I'm afraid of losing my parents and brothers I'm afraid of open and deep water I'm afraid of dogs I'm afraid of muggers
I freak out when i see someone i know walking on the edge of a relatively high building, even though i'm not scared doing that myself.
well like most people i'm afraid of heights but i guess my real seriouse fear would be coming to terms with the truth about certain people i care about
I am petrified of old men - They look fragile and like they can do no harm to a fly, but in an instant they can be strong and really frightening. I do have my reason though.. My grandad sexually abused me which leads onto my next fear.. I don't like being dominated - I just freak out and take any means necessary to get out of that situation... Some guy mates thought I was joking but they now know (due to some injuries in a certain area) that I don't take any crap from them.. I also hate it when I'm around an angry or creepy guy - Also petrifies me, I do anything to get out of the situation. See a pattern.. most of my fears are of men.. I find it hard to trust men and people in general because of the pain I've been through (not looking for a sob story here.. it's true) I hate the dark - walking around the area where I live in is like asking to be mugged... I also don't like it because I hear and see strange occurances in the dark (did I spell that right?) I hate stuff squirting or being hurled in my face (if you twisted that into the right context then hmm *cough*) I think that is my fears...
I am afraid of wasps, and looking completely inept/insufficient/useless.
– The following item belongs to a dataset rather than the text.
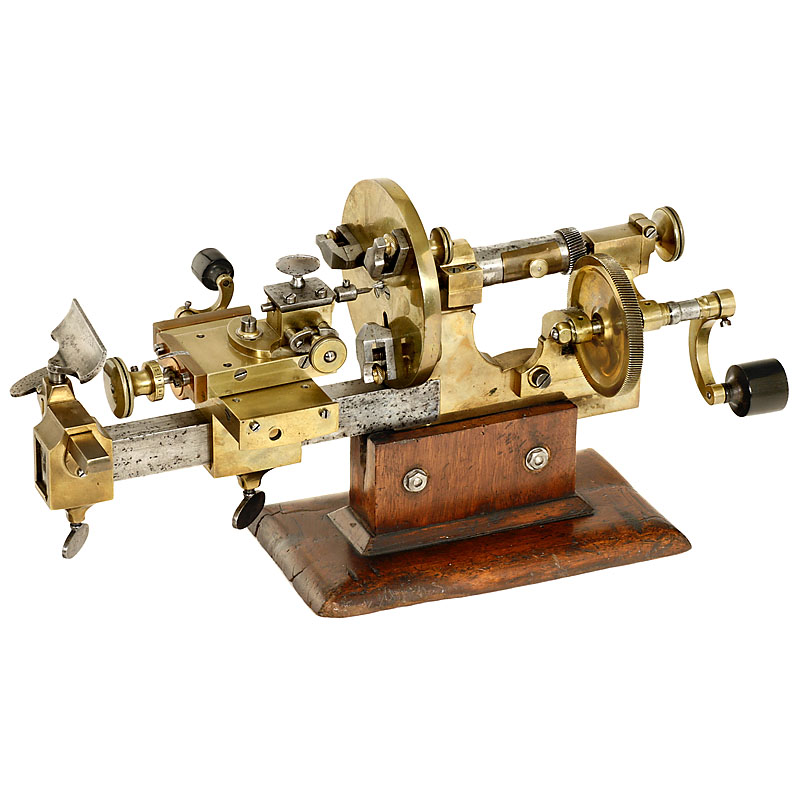 Precision 3-jaw chuck lathe, brass and steel on wooden base, handcrank-operated geared drive, toolpost, toilstock with fine adjustment, width 17 ¾ in., working.
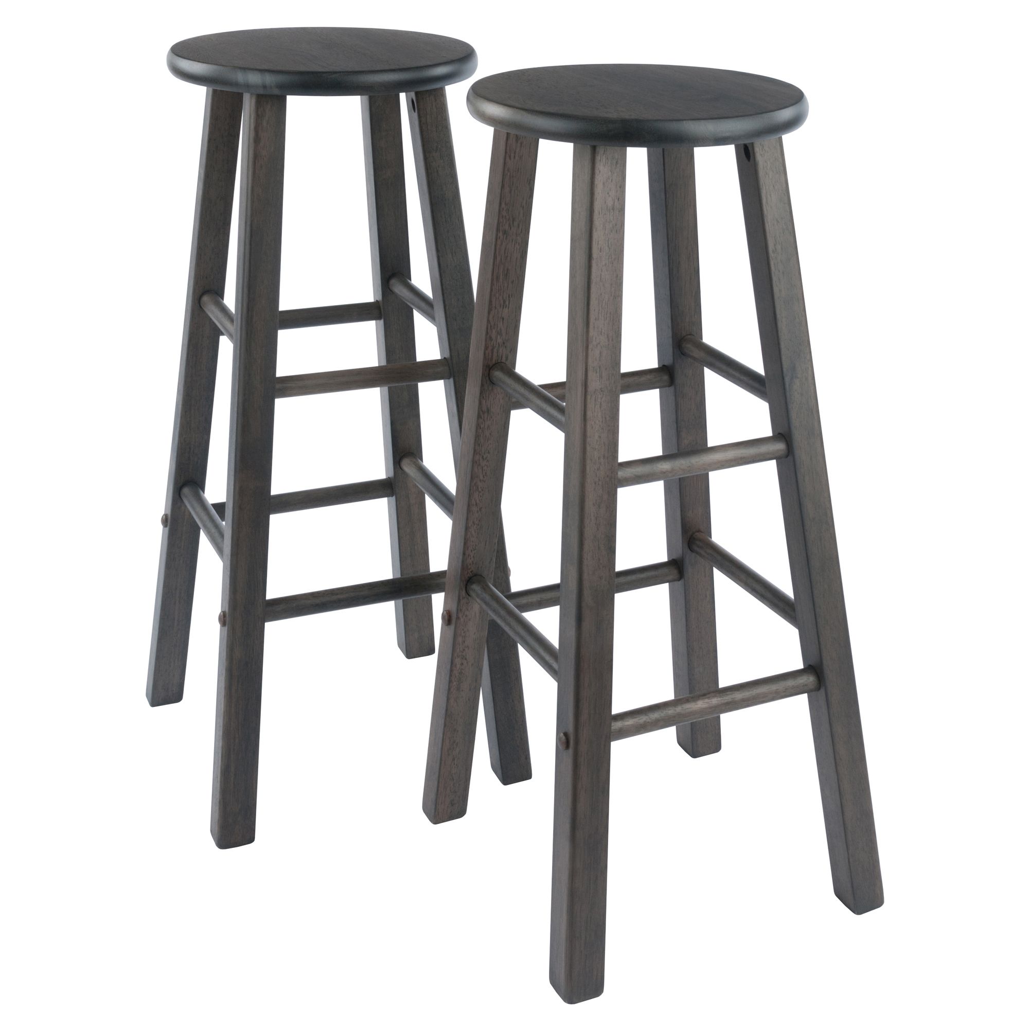 Spruce up your kitchen; breakfast nook; or basement bar with this Winsome Wood Element Bar Stool Set. Finished in a contemporary oyster gray finish; these stools feature a simplicity of design blending seamlessly with any decor from modern to farmhouse. Crafted from study solid wood these counter stools are designed to help you coordinate with a wide variety of furnishings. The square legs and round seat have a sturdy built offering a supportive foundation and hold a static weight of 220lbs. Featuring 8 crossbars; high and low on all four sides; for stability and strength while also serving as convenient footrests; making this stool not only functional but also comfortable. Ideal for extra seating; accommodating guests at gatherings and ideal for everyday use. These 13.58'W x 13.58'D can easily be tucked away when not in use. Like most Winsome stools; the Element collection is available in multiple finishes and like most Winsome stools are available in both bar and counter height. Conveniently packed and shipped in one box; that includes the hardware necessary for assembling. Replacement part request can be submitted directly to the manufacturer within 60 days from date of purchase.

Now if only I could have a logical fear, like dying or general injury. I'd probably be better off.
I am incredibly scared of spiders. It sucks, but its true. In grade 7 at a meeting, there were these girls behind me and they put a little ball of dust on my shoulder and said Spider! and I jumped out of my seat. lol it was pretty funny looking back on it. I am also really claustrophobic. For example, even in church, when theres too many people, I start to feel panicked, I hate that feeling. Those are my two main fears that I can think of right now. I know I have more.
Drowning: just imagine it. its just a horrifying thought. Spiders:I know, who isnt afraid of spiders, but even the smallest ones make me panic Failing: makes me break down to tears.. The dark...you dont know what could be there *shudders* okay..now i have to go to sleep..in my dark room. LOL!
I'm afraid of: -Lightning -Being killed -Losing someone I love -Someone breaking into my house -Illnesses with no cure -Large flights of stairs -Complete darkness
Bees. Especially after that one episode of Smallville and that girl falls out of the car with her face covered in them. Also fear of my mum or brother dying. Since my dad passed away a few years ago i've been really scared of my mum passing away. I sometimes cry at night if i think about it.